Interior IG releases cybersecurity report to the public
The Interior Department’s watchdog publicly released a report on the state of the agency’s cybersecurity, following a congressional hearing earlier this week that explored analysts’ findings.
The report, edited for public distribution, said investigators uncovered 3,000 “critical and high-risk vulnerabilities in hundreds of publicly accessible computers” managed by three unnamed Interior bureaus, a finding highlighted during the Wednesday House oversight subcommittees’ hearing.
Much of the public report echoed comments that Mary Kendall, deputy inspector general at Interior, made during the hearing — that the vulnerabilities could allow bad actors to take charge of publicly accessible computers or render them unavailable.
Lawmakers received a draft of the Interior inspector general’s report following news of the breaches at the Office of Personnel Management that exposed the data of millions of federal employees. One of the breaches occurred in an Interior data center. The IG’s office would not say on the record how many systems it tested at the three bureaus, but cybersecurity experts told FedScoop when news of the report came out earlier this week that the volume of detected vulnerabilities was worrisome.
In the report, authors take the department to task for not centralizing its cybersecurity policy, guidance and enforcement, and noted that the department does not mandate how security measures should be deployed, tested or enforced. As a result, there’s inconsistency throughout the department.

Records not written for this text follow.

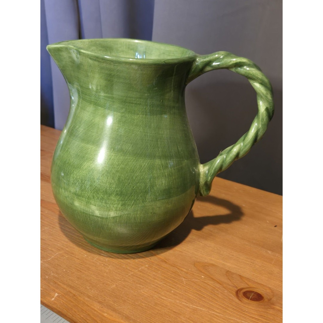 Italian Pottery Hand-painted Green Pitcher With Twisted Handle
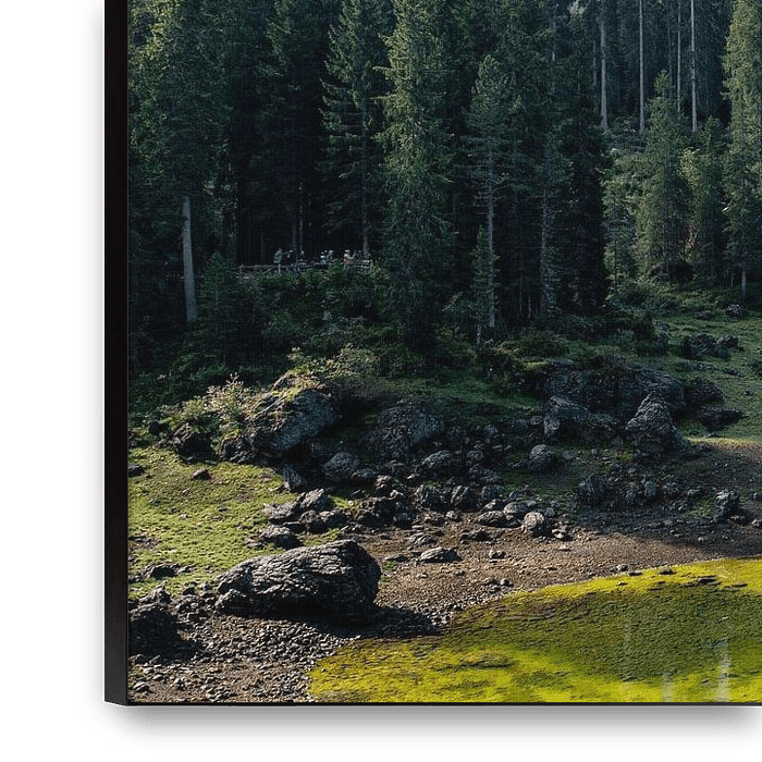 Een schitterende blik op de Italiaanse Dolomieten, vastgelegd aan de oever van het Karersee. Terwijl zonlicht door de naaldbomen filtert en reflecties dansen over het smaragdgroene water, tekenen de scherpe rotspartijen van de Latemar zich af tegen een heldere lucht. Een rustgevend en krachtig natuurbeeld dat perfect past in een modern…
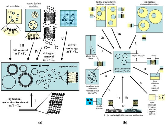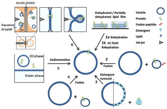- Jørgensen, I.L.; Kemmer, G.C.; Pomorski, T.G. Membrane protein reconstitution into giant unilamellar vesicles: A review on current techniques. Eur. Biophys. J. 2017, 46, 103–119. [Google Scholar] [CrossRef]
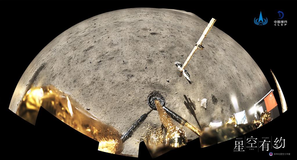2020年12月4日,国家航天局公布了探月工程嫦娥五号探测器在月球表面展示国旗的照片。 (新华社发 国家航天局供图)
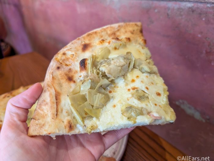 The pizza had a simple combination, but a really well-executed one. As a traditional white pizza, instead of a tomato sauce in between the bread and toppings, this pie relied on olive oil and garlic as the base. That kept the focus on the toppings, especially the artichokes, which brought a mild nuttiness and a great texture to each bite.
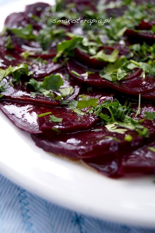 Buraki wyszoruj, nie obieraj, upiecz w piekarniku w temperaturze 170 stopni, w szklanym naczyniu z przykrywką (lub w folii aluminiowej, ja nie używam ze względu na aluminium). Po 30-45 minutach (polecam nie piec do miękkości) lub wtedy kiedy uznasz buraczki za zjadliwe dla Ciebie, wyjmij je, po chwili stygnięcia obierz, pokrój w cieniutkie pasterki i rozłóż na talerzu jak carpaccio. Polej całość octem i oliwą, posyp suto poszatkowaną kolendrą i podawaj.

“The OCIO is unable to adequately measure or enforce security solutions protecting its data,” the report said.
During the hearing this week, Interior Chief Information Officer Sylvia Burns acknowledged the department’s IT was disparate. Indeed, she said that she’s only personally responsible for $200 million of the department’s $1 billion IT budget. Though, she said that would change when the department carries out the Federal Information Technology Acquisition Reform Act.
Investigators issued six recommendations for Burns:
1. Require and enforce the secure development and management of all publicly available IT services — including an official approval process, cloud candidacy evaluation, testing requirements, architectural designs and data flow, minimum layered security controls, and standardized platforms and utilities.
2. Perform periodic discovery activities and reconcile results with approved inventory of bureau and department services, including all service site URLs, all public IP ranges, and identification of public systems housing sensitive or mission-critical data.
3. Expand existing external vulnerability scanning services to include advanced service exploit testing, advance website (URL-based) exploit testing, oversight of various remediation activities, and trend analysis.
4. Require all publicly available systems to be hosted in an isolated infrastructure.
5. Perform periodic advanced testing to validate the effectiveness of controls in isolating public systems from internal systems.
6. Implement an intrusion-monitoring solution that can analyze and correlate internal traffic patterns and detect attack signatures across bureaus, including the capability for active traffic interception.
Authors of the report included a response from Burns, who said vulnerabilities have been “corrected or are in the process of being addressed.”
“The OCIO will monitor the correction of any remaining vulnerabilities’ and require the impacted bureaus to resolve them within the next 30 days,” she wrote.